Project May 12, 2026
Water Issues in Puerto Rico: How Communities Create Solutions
Country:

The destructive path of Hurricane María in 2017 left many communities in Puerto Rico without reliable access to clean running water. The hurricane exposed a systemic lack of investment in water system infrastructure, particularly in rural communities that cannot be connected to the main water supply. Although donations from nonprofits and some government intervention helped rebuild some of these systems, many underserved communities still go without reliable access to clean water.
This has been perpetuated by a historic lack of action from the governments of both the U.S. and Puerto Rico, as well as federal grant cancellations for environmental justice projects. As a result, unpaid community members often volunteer to maintain water systems, doing the work out of passion and care for their neighbors despite having limited financial resources.
But people are working to find and create solutions. Community members and organizations in Puerto Rico are working with the research program AguaClara Reach to bring a pilot water treatment system to Puerto Rico.
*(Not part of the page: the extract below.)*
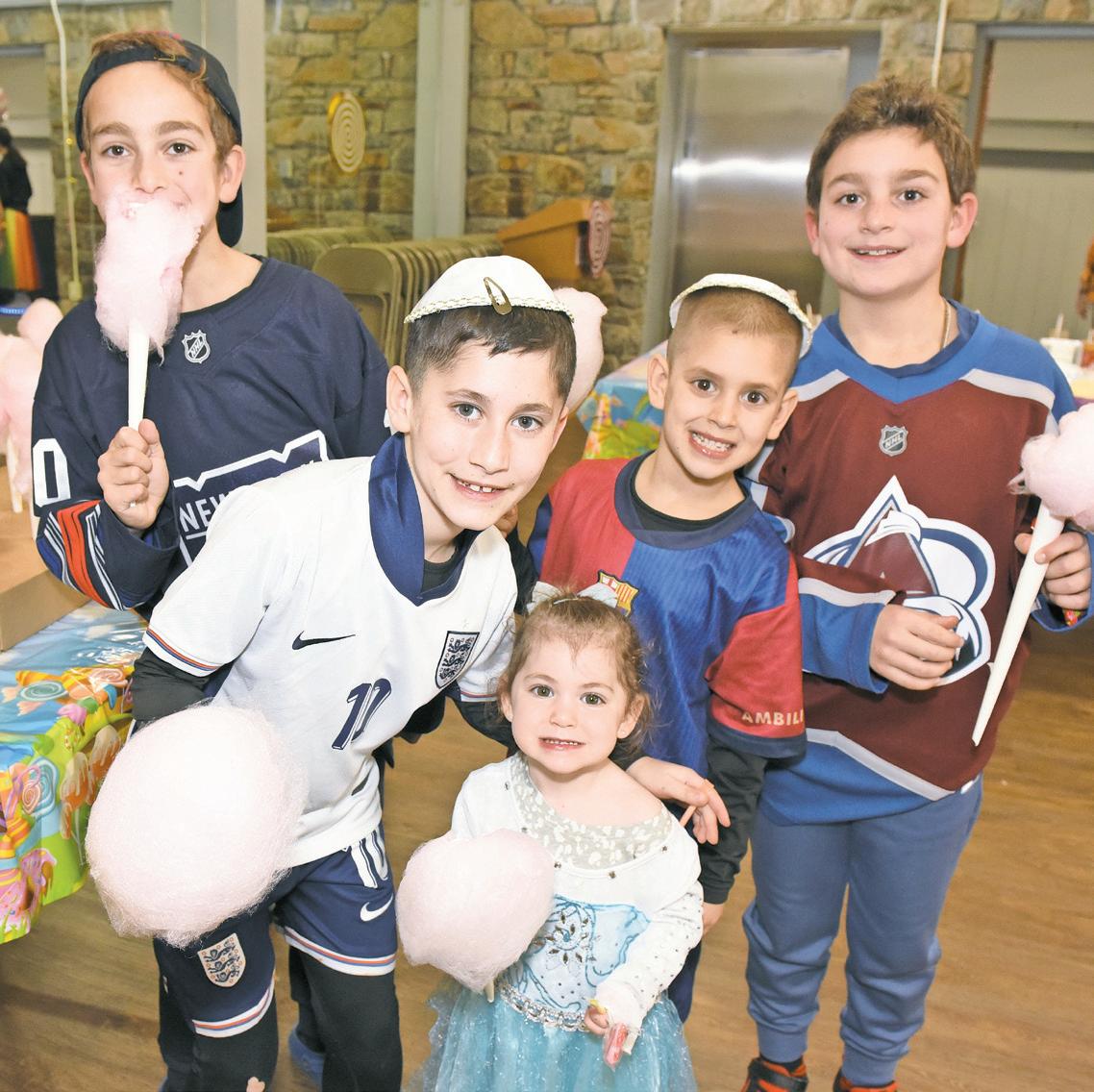 Joshua Babayer, 8, Arelia Babayer, 3, Ethan Keselman, 11, Jonathan Keselman, 8, and Noam Babayer, 7, enjoyed sweet treats for Purim.

The system’s design would provide sustainable technology that communities can continue to use, making the treatment technology, and therefore clean water, reliably accessible. This system, the first of its kind in Puerto Rico, could potentially be a solution for water issues in communities across the archipelago.
Sarah Mattalian reports on the installation of the pilot system and the technology that posed a solution for systemic water issues. This project highlights the grassroots action that made the installation—and solutions—possible when all other authorities failed to step in.